§ Work order: Emit the data below verbatim, stripping out any pictures.
Given material START
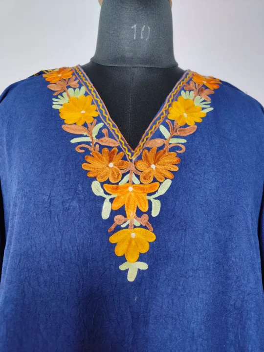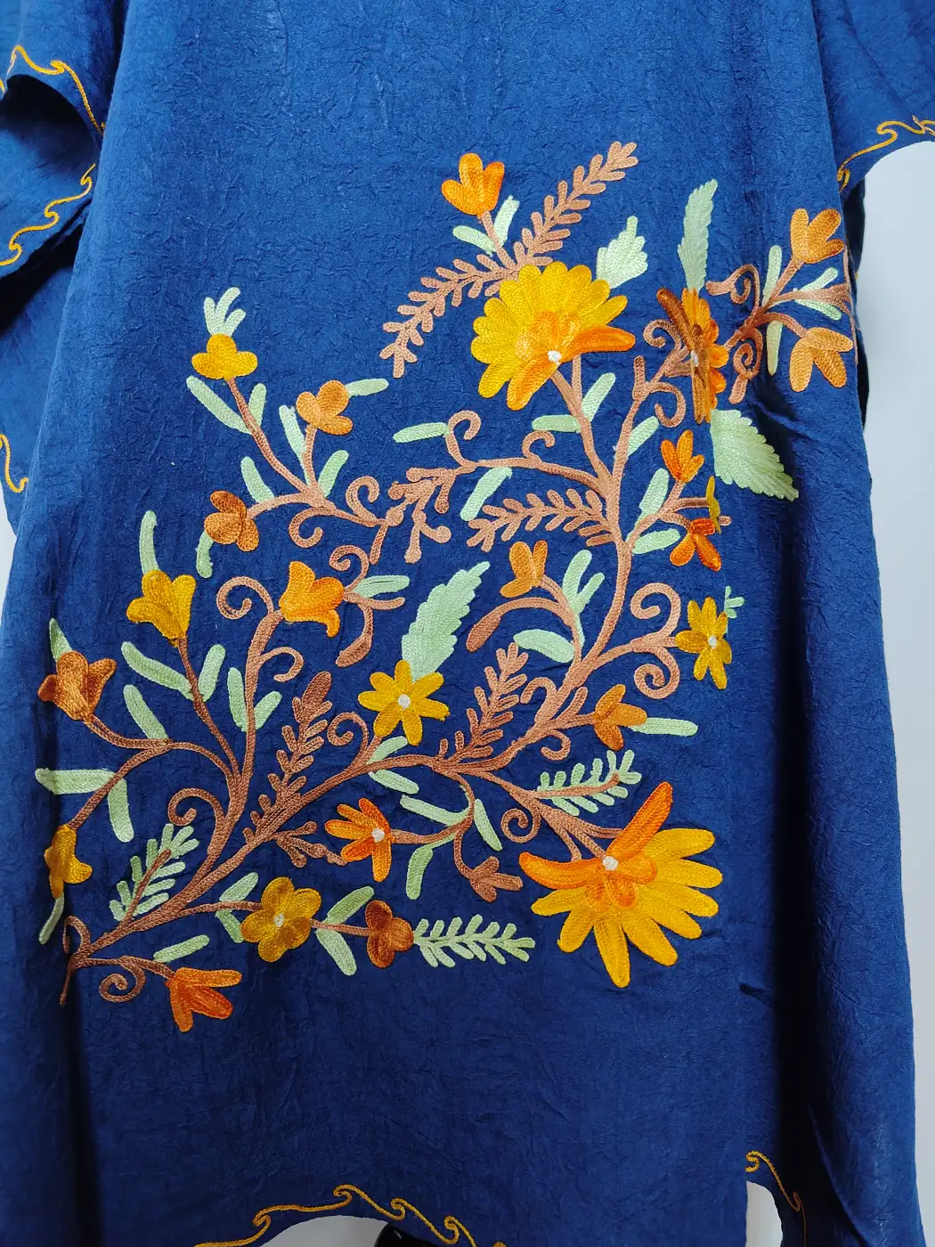 Made in breathable dark blue crush cotton, this Kashmiri kaftan set brings together comfort and detail. The neckline carries floral embroidery, while huge florals trace the front panel. With kaftan and trouser included, it feels easy to wear and rooted in tradition.
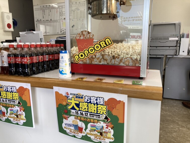 ポップコーンとジュースの振る舞いや日用品&調味料のプレゼント
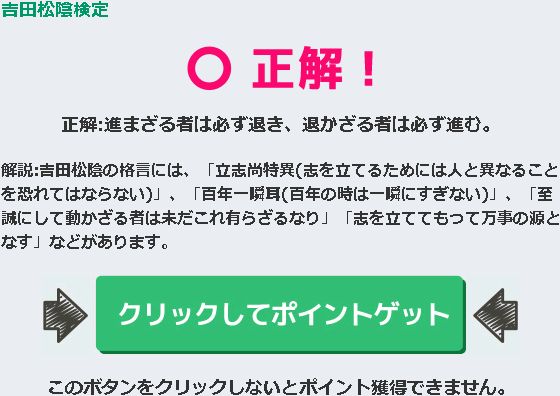 A『進まざる者は必ず退き、退かざる者は必ず進む。』 解説:吉田松陰の格言には、「立志尚特異(志を立てるためには人と異なることを恐れてはならない)」、「百年一瞬耳(百年の時は一瞬にすぎない)」、「至誠にして動かざる者は未だこれ有らざるなり」「志を立ててもって万事の源となす」などがあります。
Given material END
§ Reply to the exercise:
 Made in breathable dark blue crush cotton, this Kashmiri kaftan set brings together comfort and detail. The neckline carries floral embroidery, while huge florals trace the front panel. With kaftan and trouser included, it feels easy to wear and rooted in tradition.
 ポップコーンとジュースの振る舞いや日用品&調味料のプレゼント
 A『進まざる者は必ず退き、退かざる者は必ず進む。』 解説:吉田松陰の格言には、「立志尚特異(志を立てるためには人と異なることを恐れてはならない)」、「百年一瞬耳(百年の時は一瞬にすぎない)」、「至誠にして動かざる者は未だこれ有らざるなり」「志を立ててもって万事の源となす」などがあります。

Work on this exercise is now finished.